*WORK REQUIRED:* Every line below from the one containing "Erleben Sie innovative" through the one containing "Located on a" must be transcribed exactly. Omit all lines outside that stretch.

*INPUT DATA:*
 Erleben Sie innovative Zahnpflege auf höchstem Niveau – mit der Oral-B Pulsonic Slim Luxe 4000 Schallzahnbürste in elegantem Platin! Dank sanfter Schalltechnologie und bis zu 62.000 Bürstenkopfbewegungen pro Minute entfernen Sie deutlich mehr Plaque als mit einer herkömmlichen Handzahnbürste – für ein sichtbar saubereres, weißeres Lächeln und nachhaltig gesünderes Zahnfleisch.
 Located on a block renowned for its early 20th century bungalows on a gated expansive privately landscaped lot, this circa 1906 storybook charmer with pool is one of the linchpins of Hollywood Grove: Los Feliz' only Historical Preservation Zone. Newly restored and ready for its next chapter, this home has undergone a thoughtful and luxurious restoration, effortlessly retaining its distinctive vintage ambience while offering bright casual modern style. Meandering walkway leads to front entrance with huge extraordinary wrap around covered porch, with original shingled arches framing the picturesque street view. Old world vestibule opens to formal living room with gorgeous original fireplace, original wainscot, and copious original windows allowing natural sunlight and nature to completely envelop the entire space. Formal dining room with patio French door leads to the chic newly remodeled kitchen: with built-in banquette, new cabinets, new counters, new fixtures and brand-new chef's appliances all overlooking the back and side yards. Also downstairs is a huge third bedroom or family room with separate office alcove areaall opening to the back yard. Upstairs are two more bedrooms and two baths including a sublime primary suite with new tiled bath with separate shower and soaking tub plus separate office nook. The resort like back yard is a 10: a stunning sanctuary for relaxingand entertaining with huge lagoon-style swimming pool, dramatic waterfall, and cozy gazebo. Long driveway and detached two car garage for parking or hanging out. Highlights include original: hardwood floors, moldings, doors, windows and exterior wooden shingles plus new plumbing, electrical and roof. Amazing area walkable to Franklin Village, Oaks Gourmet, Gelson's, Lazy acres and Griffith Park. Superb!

...

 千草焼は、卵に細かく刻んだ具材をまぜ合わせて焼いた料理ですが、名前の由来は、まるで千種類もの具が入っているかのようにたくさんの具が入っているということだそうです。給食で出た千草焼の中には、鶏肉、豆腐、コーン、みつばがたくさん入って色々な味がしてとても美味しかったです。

*YOUR RESPONSE:*
 Erleben Sie innovative Zahnpflege auf höchstem Niveau – mit der Oral-B Pulsonic Slim Luxe 4000 Schallzahnbürste in elegantem Platin! Dank sanfter Schalltechnologie und bis zu 62.000 Bürstenkopfbewegungen pro Minute entfernen Sie deutlich mehr Plaque als mit einer herkömmlichen Handzahnbürste – für ein sichtbar saubereres, weißeres Lächeln und nachhaltig gesünderes Zahnfleisch.
 Located on a block renowned for its early 20th century bungalows on a gated expansive privately landscaped lot, this circa 1906 storybook charmer with pool is one of the linchpins of Hollywood Grove: Los Feliz' only Historical Preservation Zone. Newly restored and ready for its next chapter, this home has undergone a thoughtful and luxurious restoration, effortlessly retaining its distinctive vintage ambience while offering bright casual modern style. Meandering walkway leads to front entrance with huge extraordinary wrap around covered porch, with original shingled arches framing the picturesque street view. Old world vestibule opens to formal living room with gorgeous original fireplace, original wainscot, and copious original windows allowing natural sunlight and nature to completely envelop the entire space. Formal dining room with patio French door leads to the chic newly remodeled kitchen: with built-in banquette, new cabinets, new counters, new fixtures and brand-new chef's appliances all overlooking the back and side yards. Also downstairs is a huge third bedroom or family room with separate office alcove areaall opening to the back yard. Upstairs are two more bedrooms and two baths including a sublime primary suite with new tiled bath with separate shower and soaking tub plus separate office nook. The resort like back yard is a 10: a stunning sanctuary for relaxingand entertaining with huge lagoon-style swimming pool, dramatic waterfall, and cozy gazebo. Long driveway and detached two car garage for parking or hanging out. Highlights include original: hardwood floors, moldings, doors, windows and exterior wooden shingles plus new plumbing, electrical and roof. Amazing area walkable to Franklin Village, Oaks Gourmet, Gelson's, Lazy acres and Griffith Park. Superb!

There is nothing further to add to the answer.